* _Provided material_
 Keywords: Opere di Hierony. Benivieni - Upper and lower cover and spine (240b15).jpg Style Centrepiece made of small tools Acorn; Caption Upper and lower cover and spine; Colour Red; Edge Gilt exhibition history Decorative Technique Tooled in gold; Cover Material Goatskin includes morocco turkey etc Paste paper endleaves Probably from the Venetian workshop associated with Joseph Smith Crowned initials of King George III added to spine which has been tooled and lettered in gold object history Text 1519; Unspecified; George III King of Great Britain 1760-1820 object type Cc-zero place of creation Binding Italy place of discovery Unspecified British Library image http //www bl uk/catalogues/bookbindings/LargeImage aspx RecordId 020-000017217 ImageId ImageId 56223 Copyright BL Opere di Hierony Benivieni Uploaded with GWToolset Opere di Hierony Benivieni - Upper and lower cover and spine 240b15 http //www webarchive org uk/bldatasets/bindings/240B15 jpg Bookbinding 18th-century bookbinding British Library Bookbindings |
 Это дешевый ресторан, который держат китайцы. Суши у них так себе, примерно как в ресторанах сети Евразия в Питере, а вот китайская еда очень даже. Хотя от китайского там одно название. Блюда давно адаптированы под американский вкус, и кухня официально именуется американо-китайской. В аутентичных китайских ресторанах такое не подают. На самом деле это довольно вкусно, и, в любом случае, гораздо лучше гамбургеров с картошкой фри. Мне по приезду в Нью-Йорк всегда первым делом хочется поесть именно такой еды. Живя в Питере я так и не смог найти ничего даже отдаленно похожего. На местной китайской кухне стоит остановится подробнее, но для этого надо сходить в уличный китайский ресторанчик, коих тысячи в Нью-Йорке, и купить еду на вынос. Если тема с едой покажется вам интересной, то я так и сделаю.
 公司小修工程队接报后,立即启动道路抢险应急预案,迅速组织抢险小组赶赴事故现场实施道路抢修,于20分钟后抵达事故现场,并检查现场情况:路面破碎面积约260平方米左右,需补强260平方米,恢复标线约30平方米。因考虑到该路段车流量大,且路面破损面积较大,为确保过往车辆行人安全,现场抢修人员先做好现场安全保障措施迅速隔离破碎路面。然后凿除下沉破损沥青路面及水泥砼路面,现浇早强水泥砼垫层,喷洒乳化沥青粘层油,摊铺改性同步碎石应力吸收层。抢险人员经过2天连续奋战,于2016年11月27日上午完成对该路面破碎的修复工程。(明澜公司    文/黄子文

* _Exercise description_
Whole listing, every line: reproduce it exactly.

* _Result of this exercise_
 Keywords: Opere di Hierony. Benivieni - Upper and lower cover and spine (240b15).jpg Style Centrepiece made of small tools Acorn; Caption Upper and lower cover and spine; Colour Red; Edge Gilt exhibition history Decorative Technique Tooled in gold; Cover Material Goatskin includes morocco turkey etc Paste paper endleaves Probably from the Venetian workshop associated with Joseph Smith Crowned initials of King George III added to spine which has been tooled and lettered in gold object history Text 1519; Unspecified; George III King of Great Britain 1760-1820 object type Cc-zero place of creation Binding Italy place of discovery Unspecified British Library image http //www bl uk/catalogues/bookbindings/LargeImage aspx RecordId 020-000017217 ImageId ImageId 56223 Copyright BL Opere di Hierony Benivieni Uploaded with GWToolset Opere di Hierony Benivieni - Upper and lower cover and spine 240b15 http //www webarchive org uk/bldatasets/bindings/240B15 jpg Bookbinding 18th-century bookbinding British Library Bookbindings |
 Это дешевый ресторан, который держат китайцы. Суши у них так себе, примерно как в ресторанах сети Евразия в Питере, а вот китайская еда очень даже. Хотя от китайского там одно название. Блюда давно адаптированы под американский вкус, и кухня официально именуется американо-китайской. В аутентичных китайских ресторанах такое не подают. На самом деле это довольно вкусно, и, в любом случае, гораздо лучше гамбургеров с картошкой фри. Мне по приезду в Нью-Йорк всегда первым делом хочется поесть именно такой еды. Живя в Питере я так и не смог найти ничего даже отдаленно похожего. На местной китайской кухне стоит остановится подробнее, но для этого надо сходить в уличный китайский ресторанчик, коих тысячи в Нью-Йорке, и купить еду на вынос. Если тема с едой покажется вам интересной, то я так и сделаю.
 公司小修工程队接报后,立即启动道路抢险应急预案,迅速组织抢险小组赶赴事故现场实施道路抢修,于20分钟后抵达事故现场,并检查现场情况:路面破碎面积约260平方米左右,需补强260平方米,恢复标线约30平方米。因考虑到该路段车流量大,且路面破损面积较大,为确保过往车辆行人安全,现场抢修人员先做好现场安全保障措施迅速隔离破碎路面。然后凿除下沉破损沥青路面及水泥砼路面,现浇早强水泥砼垫层,喷洒乳化沥青粘层油,摊铺改性同步碎石应力吸收层。抢险人员经过2天连续奋战,于2016年11月27日上午完成对该路面破碎的修复工程。(明澜公司    文/黄子文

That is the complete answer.